Head over heels - Tears for fears - 80sneverend - Love in a library

Love in a library

Tears For Fears – Head Over Heels

#quotefromthe80s
You keep your distance with a system of touch
And gentle persuasion
I'm lost in admiration could I need you this much
Oh, you're wasting my time
You're just wasting time
#HeadOverHeels #TearsForFears

The period leading up to the summer of 1985 was, as we have said so many times, probably the purest, most intense and creative period of all the 80s. Those artists Who were on the charts at that time, automatically entered the history of the 80s, even if it was perhaps their first hit or album. Of course, it was also a brilliant period for those who had already made albums, and would do more in the following years. For example, it was certainly a golden age for Tears for Fears, who two years after The Hurting had launched one of the most iconic albums of the entire decade, Songs from the Big Chair, in February. The album was driven by two big hits that anticipated it in the final part of 1984, Mothers talk and of course Shout.

In March, they release also the beautiful Everybody wants to rule the world, and so Tears for Fears were now omnipresent on radio and music video channels. On top of all this, on June 10, they released of this beautiful hit, Head over Heels, a song in my opinion a little underestimated, even if it entered the top ten around the world.

Of course, the music of Tears for Fears was not the repetitive pop of Stock Aitken and Waterman, and their own lyrics were not trivial at all, so they sometimes found themselves at a disadvantage compared to the classic songs my heart – your eyes – oh oh oh, with pastel pink videos, but I must say that rediscovering this song today and this video is really a great emotion.

In the album the song is preceded by Broken, a more rhythmic song with which it shares a keyboard riff and some verses. Probably Tears for Fears had conceived Head over heels as a variation of Broken, or perhaps an extension, the fact is that in their concerts the uninterrupted sequence Broken / Head over Heels / Broken became common, with this song inserted in the middle of the previous one. .
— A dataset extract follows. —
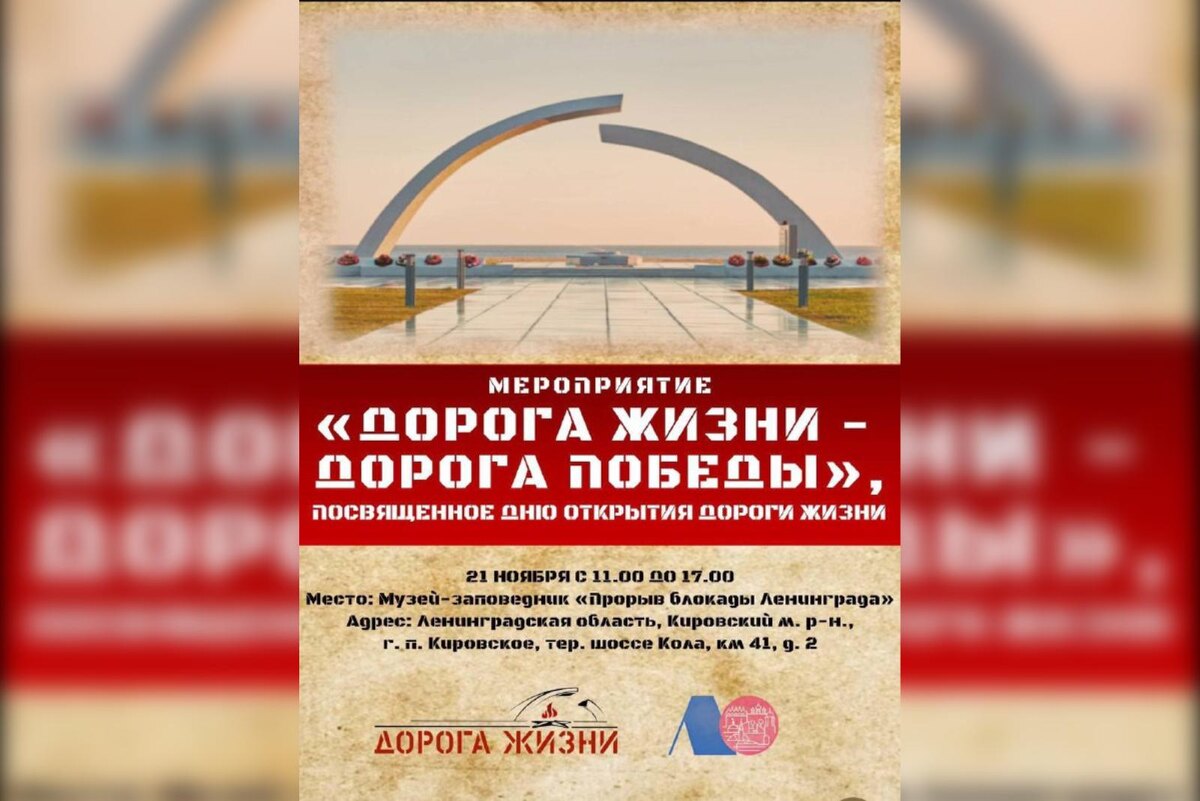 У музея‑заповедника «Прорыв блокады Ленинграда» 21 ноября состоится большое памятное мероприятие «Дорога Жизни – Дорога Победы», приуроченное к Дню открытия Дороги жизни. Организатором выступает музейно-мемориальный комплекс «Дорога жизни». Программа объединит памятные, культурные, образовательные и интерактивные форматы: выступления артистов Театра драмы им. Ольги Берггольц и акция «Открытый микрофон: Письма с фронта». Также будет представлена концертная программа на уличной площадке и военно‑историческая реконструкция. Будут работать интерактивные зоны: тематические выставки, фотозоны, квест для гостей, мастер‑классы, VR‑экскурсии по Дороге жизни и музеобус «Дорога Жизни – Дорога Труда» от АНО «Главленретротранс». Финальным событием станет итоговая конференция, посвященная Году 80‑летия Победы. Она подведет смысловые итоги дня и подчеркнет связь поколений через память о подвиге защитников Ленинграда. Полная программа мероприятия доступна по ссылке. Ранее сообщалось, что в Петербурге

The song describes the protagonist’s sudden falling in love with a girl, with the plea not to break his heart. That said, it might seem like a trivial text, had it not been written by Roland Orzabal. Actually the text includes lines that are absolutely deep and ironic at the same time. The video helps us to contextualize the scene, as always.

We are in an apparently normal library (which in reality is in Toronto, Canada), but weird people appear. In fact, within seconds we see a guy full of books approaching, a rabbi, a handsome librarian girl with pure 80s-style glasses, a chimpanzee with a Red Sox shirt, and other unlikely characters. Another great song of the 80s had a video filmed in a library, do you remember which?

The gentleman loaded with books, Roland Orzabal of course, trudges up to the counter, where he begins to sing about his love for the librarian girl (a Canadian model who did not have a huge career, Joan Densmore). Behind her you can see Curt Smith, and in the video we can see also the other musicians playing with Tears for Fears, while the chimpanzee is probably the only serious person in the group. After a few scenes where the library disappears and we actually see the group playing, we arrive at the last frame, with sepia tones, in which we see Roland and the girl. now aged, in the house where they presumably spent their lives together. However, today’s Roland still seems less serious than the aged Roland we see in the video!

The video is made amusing with the ideas that Roland himself discussed with director Nigel Dick, not just the presence of characters such as the rabbi, the chimpanzee, or a guy with a gas mask, but also the ideas for some scenes that pay homage to other videos or films, like the cards that by themselves come out of the holder tray, exactly as we saw in one of the opening scenes of Ghostbusters, released a few months earlier.

In short, Head over heels is a song that has perhaps been less successful than others in the long career of Tears for Fears, but it remains a very pleasant little masterpiece in the history of this great group!